The first solution is less invasive and pretty simple to implement.

drewdzzz Feb 5, 2025
Collaborator

As for me, the third one is actually less invasive. Now we build all secondary indexes before playing WAL if MVCC is enabled - we could just do it always. Then, there is no need to mess with building not all indexes before playing WAL.

mkostoevr Feb 11, 2025
Collaborator Author

Under less invasive I mean, with smaller amount of changes of the existing functionality.

drewdzzz · 2025-01-09T18:42:08Z

drewdzzz
Jan 9, 2025
Collaborator

Option 1: a system space
The idea is to save the information in a system space: create the space on startup and remove it after recovery.
Have the data required for sorting secondary keys in the space in the snapshot.
If the snapshot does not contain the space, the the recovery is performed the old way (compatibility with old snapshots).
Don't write the space on box.snapshot() after the downgrade (for backward compatibility).

I would elaborate a bit.
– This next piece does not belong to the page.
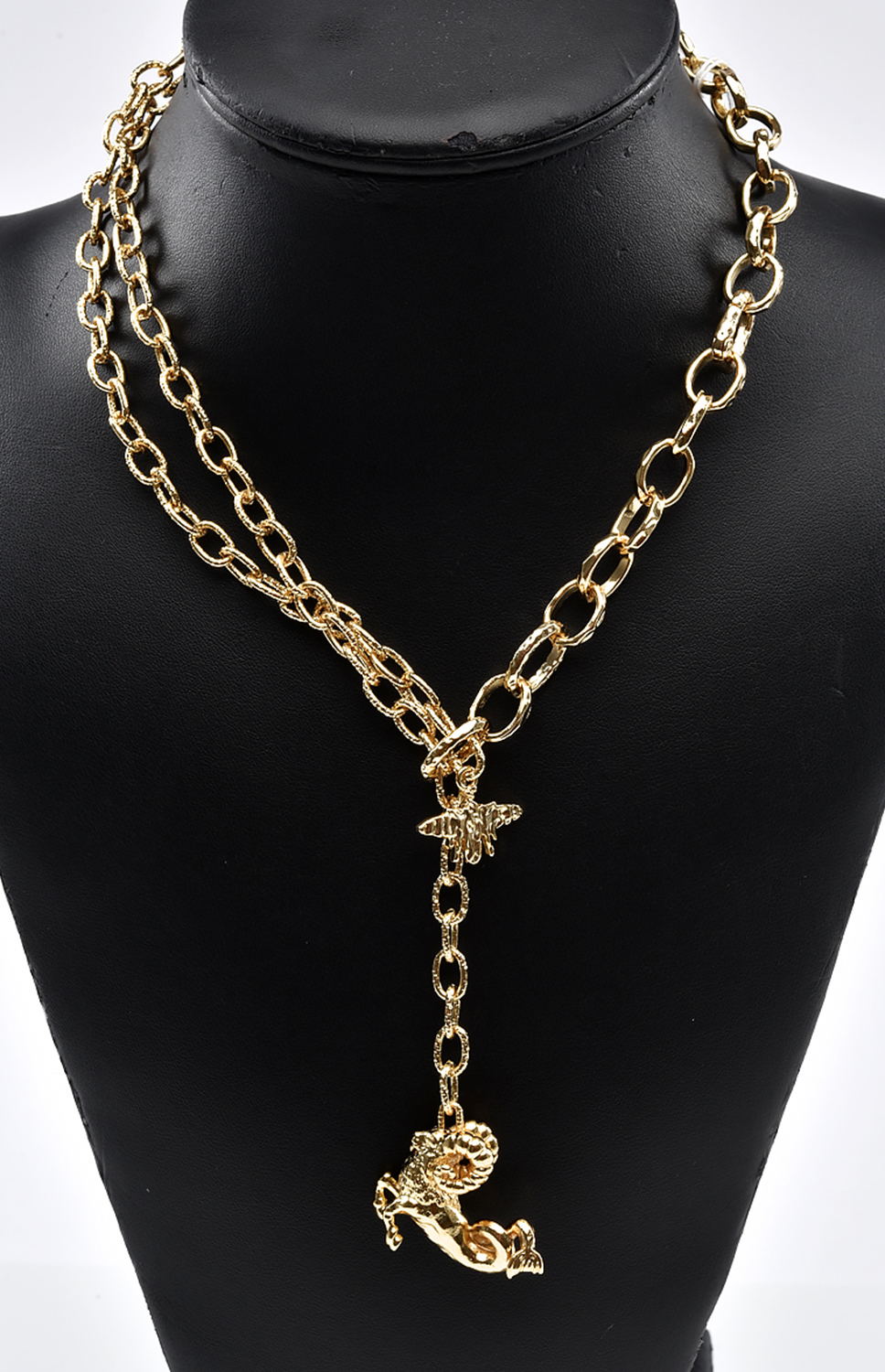 A COSTUME NECKLACE WITH 'TAURUS' PENDANT TO AN INVISIBLE CLASP

The idea is to have a "fake" space (let's call it _index_order for now) in snapshot that will store tuples with index order. For example, such tuples would have format [space_id, index_id, part_id, [<tuple addresses...>]]. Order of the whole index will be stored in several tuples to keep them relatively small. The main disadvantage is that we use have to use arena here.

Such space shouldn't actually store anything in-memory, only process the tuples in a system on_replace trigger. For that purpose, we could use blackhole engine (never worked with it, so I can be wrong here 😄). If we cannot use blackhole, we can try to create this fake space right before recovery (just as we do with all other system spaces) and delete it after snapshot recovery is finished.

So, basically, the flow is:

On snapshot creation - space _index_order is actually empty. But we write it to snapshot in a special way - we write a bunch of IPROTO_INSERT statements with tuples describing secondary index order (details about such tuples can be found above).
On snapshot recovery - when all other spaces are recovered, we should return to the _index_order space (or write it to the end of the snapshot on its creation) and build all indexes with saved tuple order.

1 reply

mkostoevr Feb 5, 2025
Collaborator Author

Described the approach more thoroughly, PTAL.

Totktonada · 2025-01-10T10:42:55Z

Totktonada
Jan 10, 2025
Maintainer

A new configuration variable is proposed: memtx_use_sk_recovery_data. If the variable is disabled, we sort the secondary key tuples as before and don't write recovery data on snapshot.

As I understood there are variants that are possible to implement without any options. For this we need to ensure that the secondary keys order data don't break old tarantool versions anyhow (including waste of memory). I think that we can consider the following variants:

Separate files.
Blackhole engine.
NOP operations with a payload.

In my opinion, backhole engine/NOP operations are tricks, while holding the extra data in separate files looks like a direct solution. So, it seems better for me.

OTOH, we should verify how snapshotting time is changed in case of several secondary indexes. If it becomes much longer, maybe the option to refuse to write it is useful (but I'm not sure).

It is also important to take into account that modern SSD is able to serve several parallel write requests with the speed near to the single write. I think that parallel write of several files may be very profitable here.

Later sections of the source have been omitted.